24 Sep Are France and the UK Already Rolling Over for Bashir?
Last week, I defended deferring the ICC’s investigation of Bashir for a year in exchange for, inter alia, the Sudanese government turning Harun and Kushayb over to the ICC for prosecution. That would have been a strong demand on the part of France and the UK — one that, I argued, Bashir would be unlikely to accept.
Lest they be accused of actually showing some backbone, Britain and France now appear willing to let the Sudan prosecute Harun and Kushayb itself.
The French foreign ministry called Friday for Sudan to respect the decisions of the ICC concerning the pair, Sudanese humanitarian affairs minister Ahmed Haround and militia chief Ali Kosheib.
But five non-governmental organisations including Amnesty International wrote to French President Nicolas Sarkozy on Thursday saying they feared Paris was planning a compromise that would allow Khartoum to try them in Sudan.

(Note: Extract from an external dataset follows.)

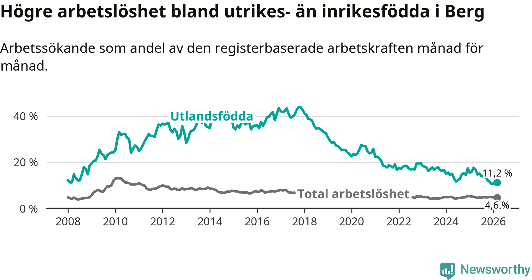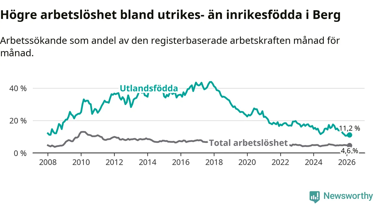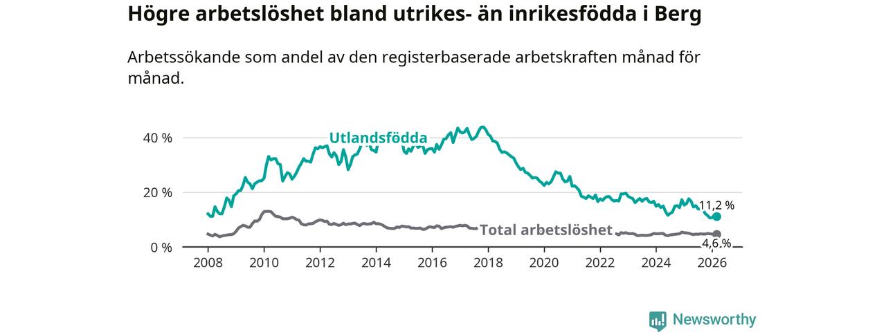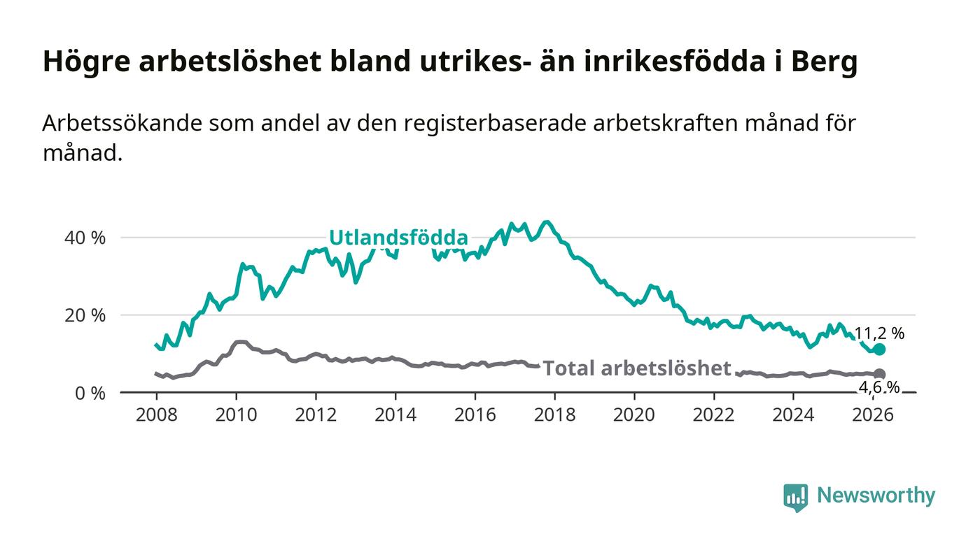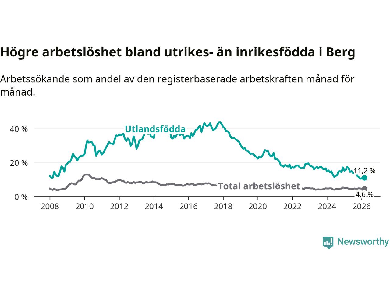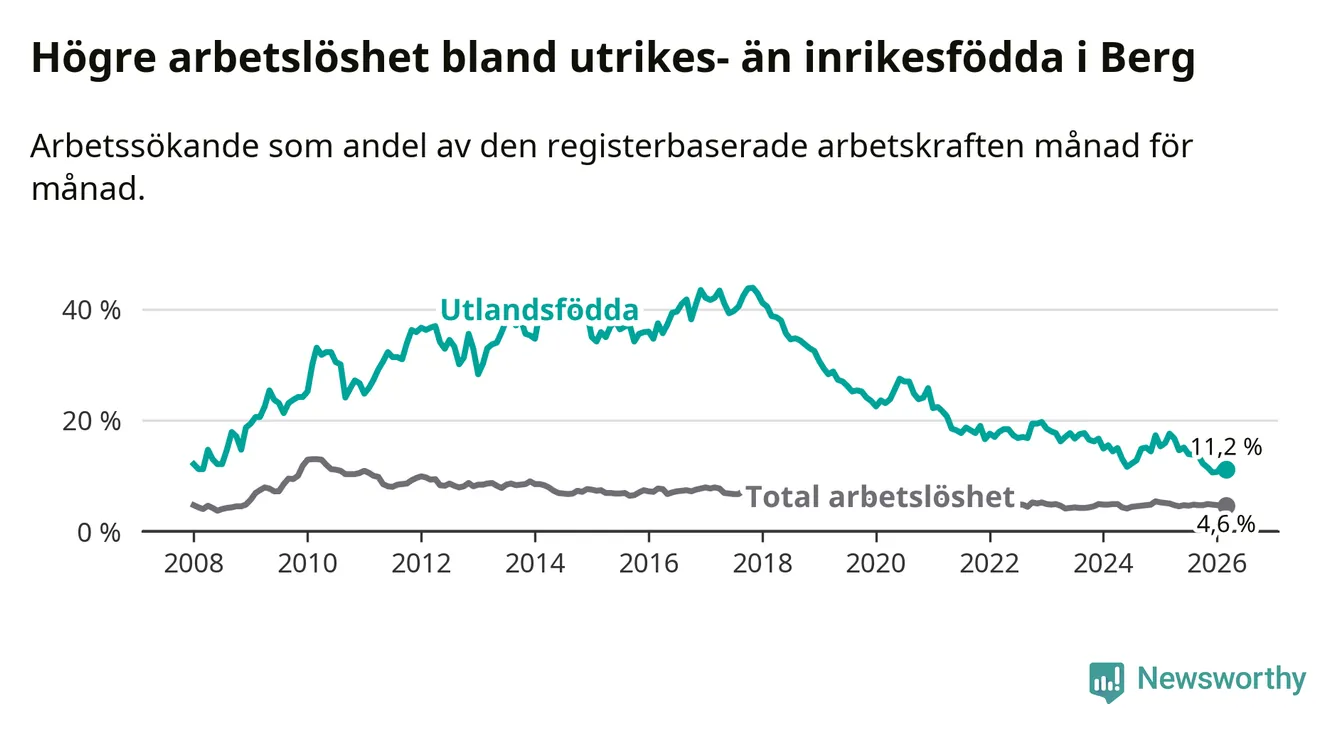 Arbetslösheten bland utlandsfödda var 11,2 procent i Berg under mars månad, motsvarande 41 av 366 personer. Det är 6,4 procentenheter färre än vid samma tidpunkt i fjol (−19 om man räknar personer). Därmed är de utlandsföddas arbetslöshet lägre än vid samma tidpunkt i fjol för sjunde månaden i följd. Sedan augusti 2025 har arbetslösheten bland utlandsfödda minskat från 13,8 till 11,2 procent.
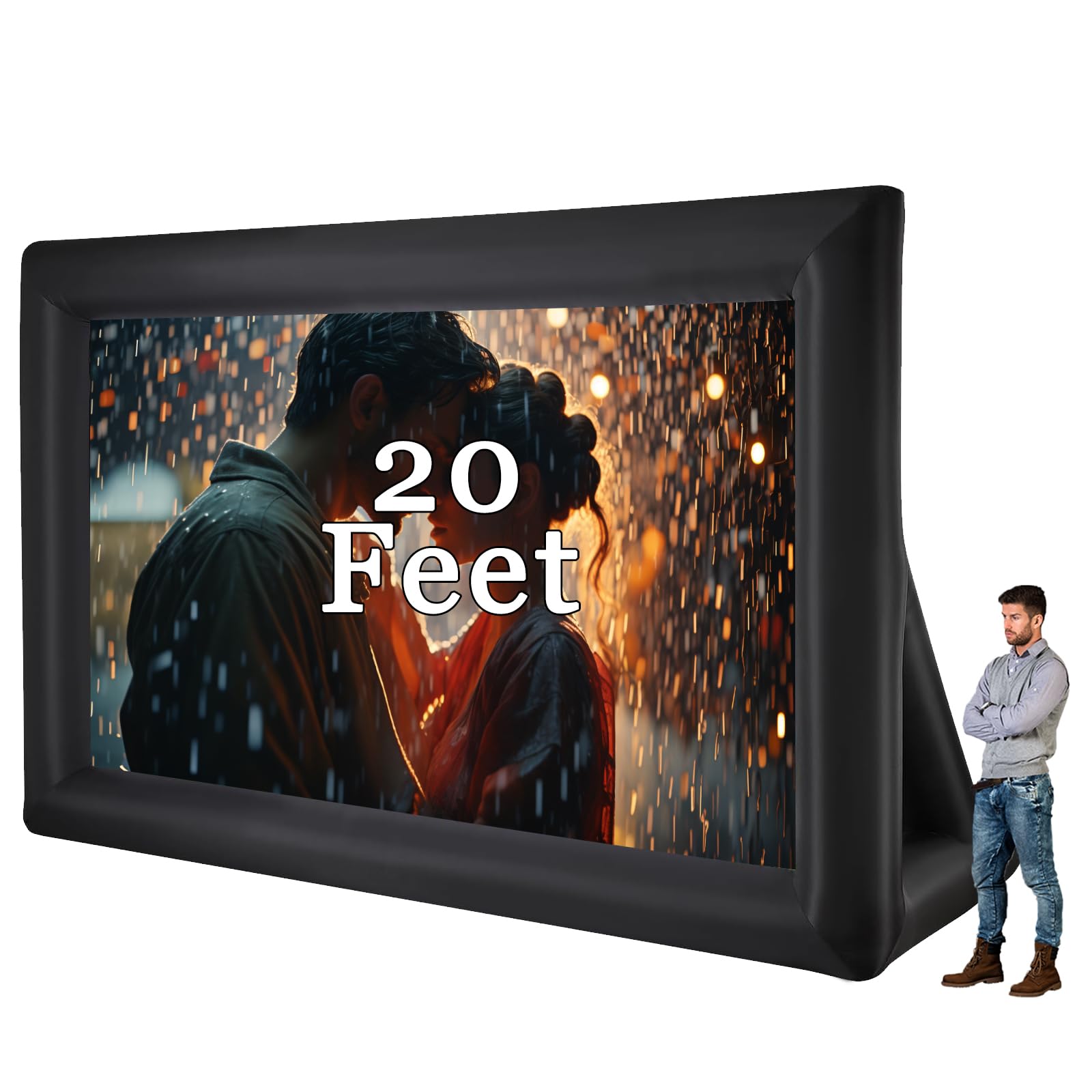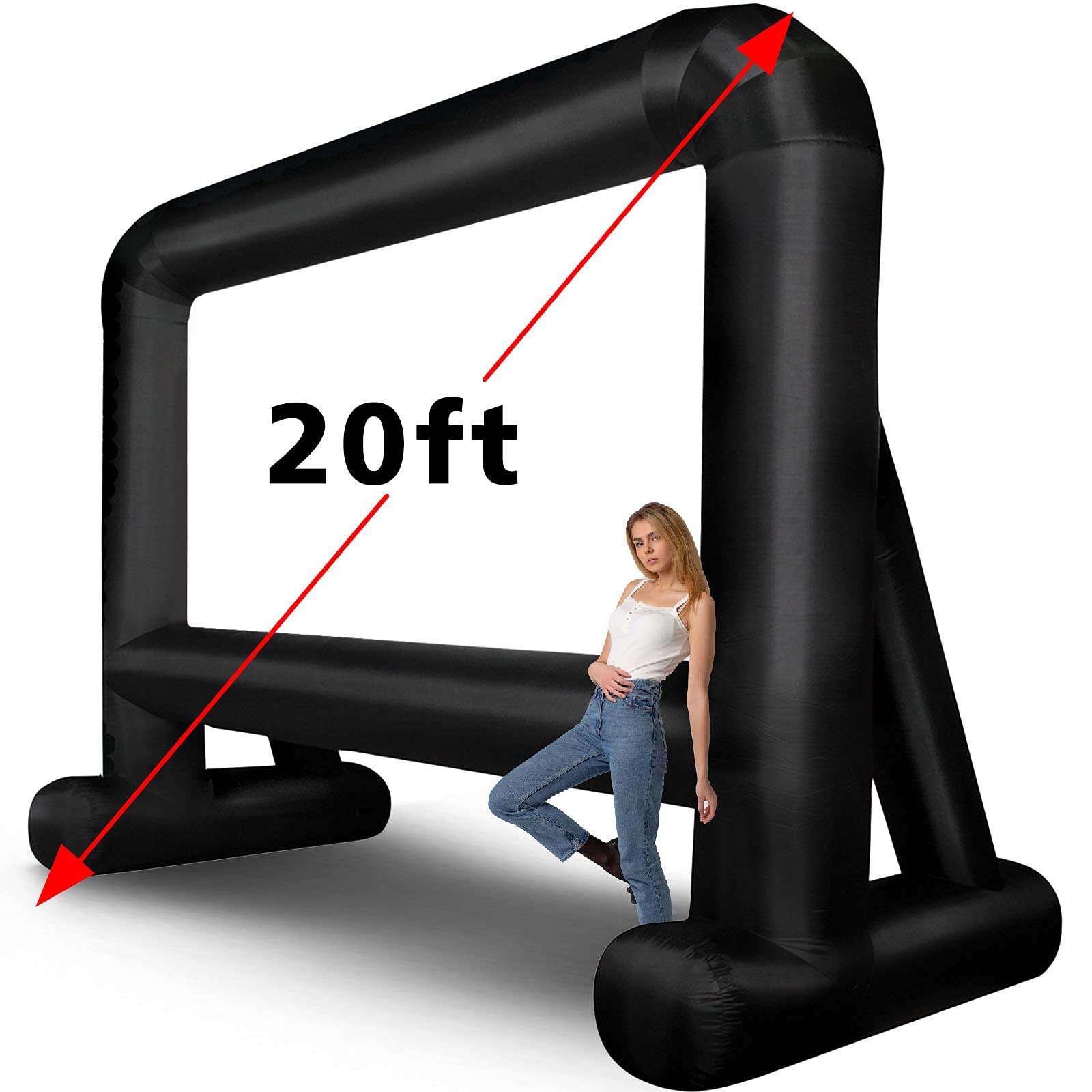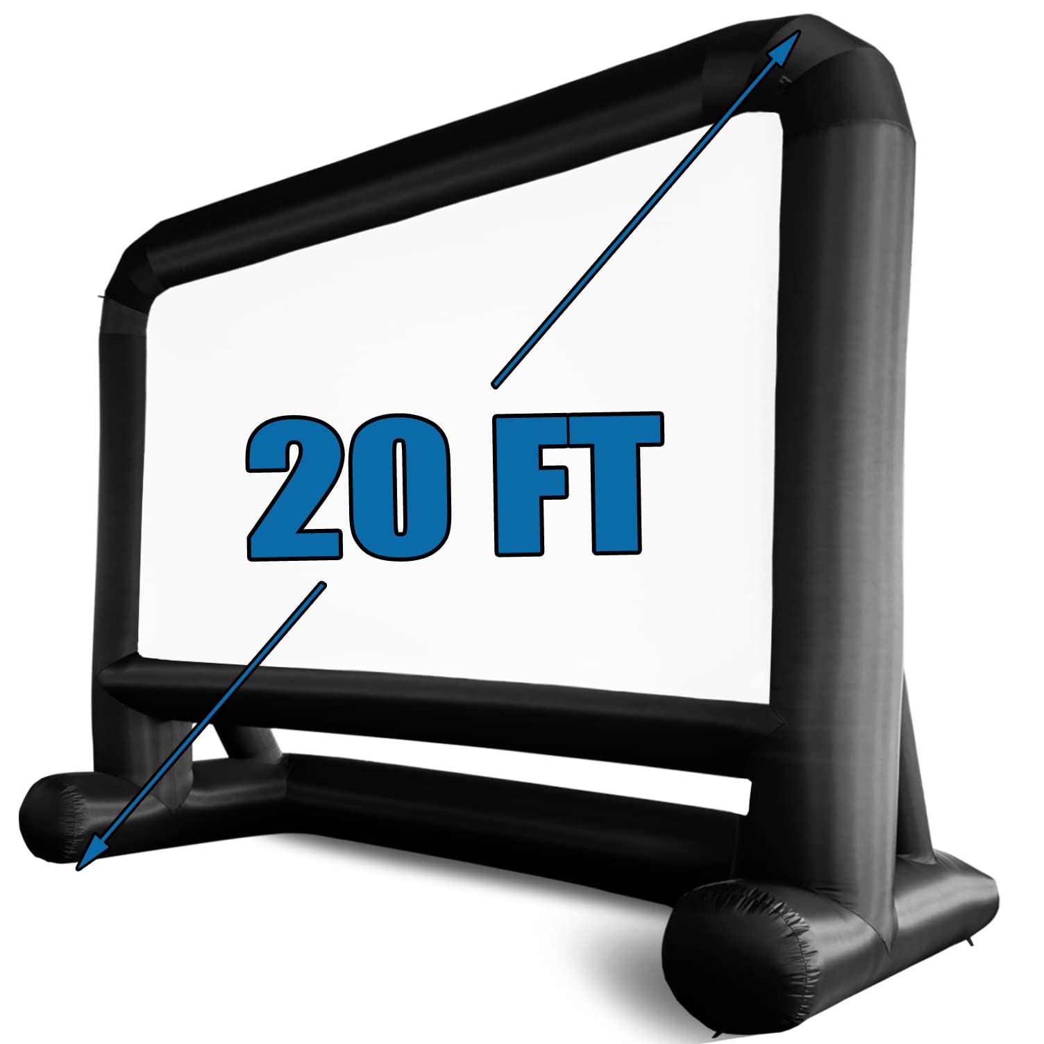 20 Feet Inflatable Outdoor and Indoor Theater Projector Screen - Includes Air Blower, Tie-Downs and Storage Bag - Portable, Supports Front and Rear Projection

The NGOs warned the French president, who made tackling the Darfur conflict an election pledge, that any compromise on the war crimes probe would “deal a major blow to the credibility and dissuasive power of the international criminal justice system.”
The UK:
The deal, which will be discussed this week at the United Nations General Assembly, would involve Sudan promising to make significant progress with peace talks, supporting the deployment of UN peacekeepers in Darfur, and holding war crimes trials of its own for lesser figures. “We’re not getting involved in negotiations”, said one British official. “There has to be a very substantial change in Sudan’s cooperation.”
If these reports are accurate, the French and British position can charitably be described as a joke. The Special Criminal Court on the Events in Darfur, which the Sudanese government established in response to the Security Council referral, is not a legitimate alternative to the ICC. To mention only the SCCED’s most glaring problems, Sudanese criminal law does not embrace command responsibility; provides a wide variety of immunities for members of the military, police, and security forces; and permits defendants to claim the defense of superior orders when they were “bound or authorized to do it by law, or by a legal order issued from a competent authority,” or even if they simply believed that they were “bound our authorized to do so.” (For a complete analysis of the SCCED, see Human Rights Watch’s report here.)
ANNOYED ADDENDUM: Is it too much to ask for reporters who write about the ICC to have at least a basic understanding of how the Court works? Here is the title of the UK article mentioned above: “Britain to Back Immunity for Sudan President in Bid for Peace.” As I have explained ad nauseum on this blog, the Security Council cannot “immunize” anyone; it can simply defer an investigation or prosecution one year at a time. That’s a critical difference — one obviously lost on the reporter who wrote the article.
Shades of the Leipzig trials. History may repeat itself notwithstanding the ICC presence and superstructure. Justice delayed is justice denied.